Welcome to The Nonlinear Library, where we use Text-to-Speech software to convert the best writing from the Rationalist and EA communities into audio. This is: Exploring the Lottery Ticket Hypothesis, published by Rauno Arike on April 25, 2023 on LessWrong.
I have recently been fascinated by the breadth of important mysteries in deep learning, including deep double descent and phase changes, that could be explained by a curious conjectured property of neural networks called the lottery ticket hypothesis. Despite this explanatory potential, however, I haven't seen much discussion about the evidence behind and the implications of this hypothesis in the alignment community.

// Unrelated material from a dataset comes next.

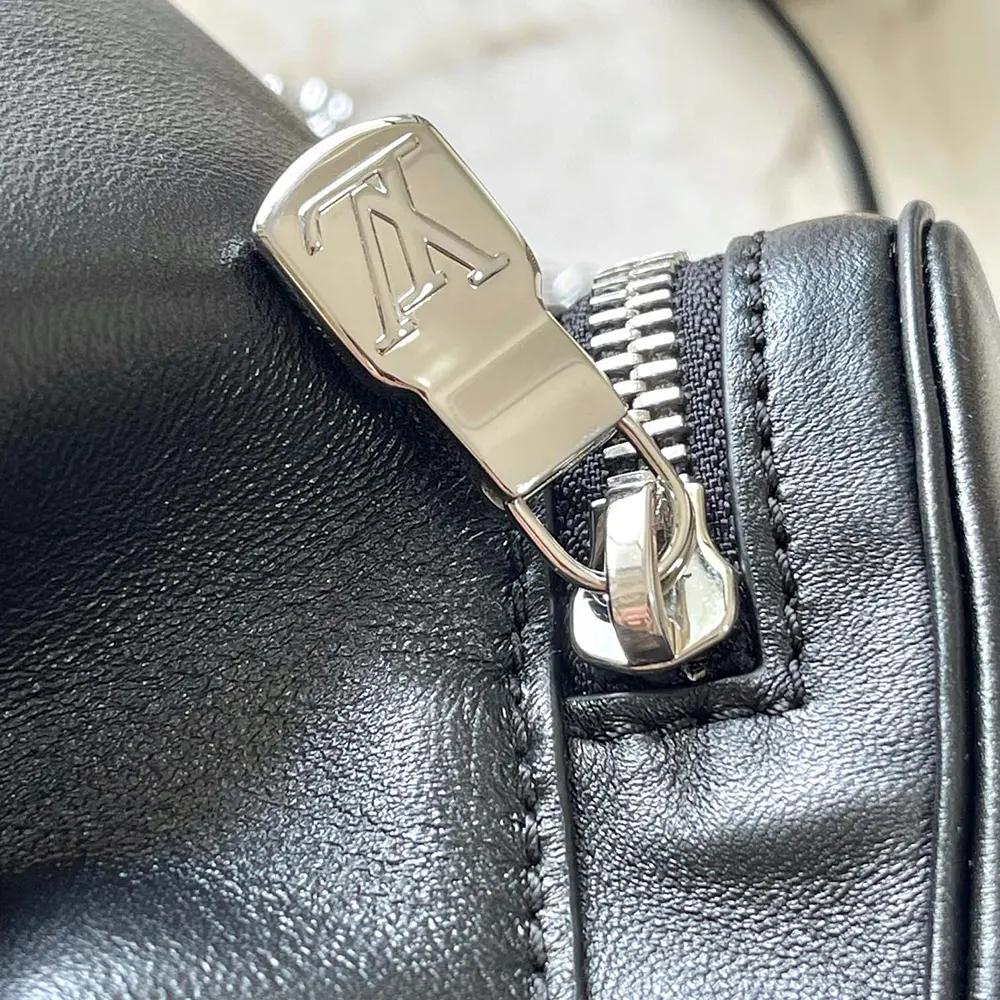- this functional design closes with an archive Louis Vuitton buckle and leather drawstrings.

Being confused about these things motivated me to conduct my own survey of the phenomenon, which resulted in this post.
The Lottery Ticket Hypothesis, explained in one minute
The lottery ticket hypothesis (LTH) was originally proposed in a paper by Frankle and Carbin (2018):
A randomly-initialized, dense neural network contains a subnetwork that is initialized such that—when trained in isolation—it can match the test accuracy of the original network after training for at most the same number of iterations.
The authors call such subnetworks "winning lottery tickets". As the simplest example, they train a LeNet-300-100 model on the MNIST dataset and report that a network containing only 21.1% of the weights of the dense version reaches a higher test accuracy on less training iterations, while a network where only 3.6% of the weights remain performs almost identically to the dense network of the network.
The lottery ticket hypothesis extends a long line of work in neural network pruning, a technique proposed in as early as 1990 by LeCun et al. Pruning simply means deleting some fraction of unimportant weights from the network after training to make inference more efficient. The vital insight of the lottery ticket hypothesis paper is that it may also be possible to prune the network before training to make both training and inference more efficient.
In practice, the method that Frankle and Carbin used for finding winning tickets didn't yet eliminate the need to train the full network, instead just suggesting the possibility. The technique they used is iterative pruning, a procedure that roughly looks as follows:
Train the full dense network on some classification task
Prune out some fraction of the weights with the smallest magnitude
Reinitialize the remaining weights to their original values
Repeat the same procedure for a number of times
This is computationally quite expensive, but as we'll see below, alternative approaches have been proposed later on.
The paper also defined a stronger version of the hypothesis that they named the lottery ticket conjecture:
We extend our hypothesis into an untested conjecture that SGD seeks out and trains a subset of well-initialized weights. Dense, randomly-initialized networks are easier to train than the sparse networks that result from pruning because there are more possible subnetworks from which training might recover a winning ticket.
In the next section, I'll argue that making a distinction between the hypothesis and the conjecture appears to be quite important.
Relevance to alignment
Phase changes
In his post about mechanistically interpreting grokking, Neel Nanda argues that the lottery ticket hypothesis may constitute the reason for why neural networks form sophisticated circuits.
One may naively think that neural networks are optimized in a similar way to how linear regression classifiers are optimized: each weight slowly changes in a direction that marginally improves performance, and the result of these tiny individual improvements smoothly improve the performance of the entire ensemble. In practice, though, we observe the forming of sophisticated circuits like the induction circuit, which is comprised of a previous token head and an induction head. Either of those heads improves loss only in the case the other ...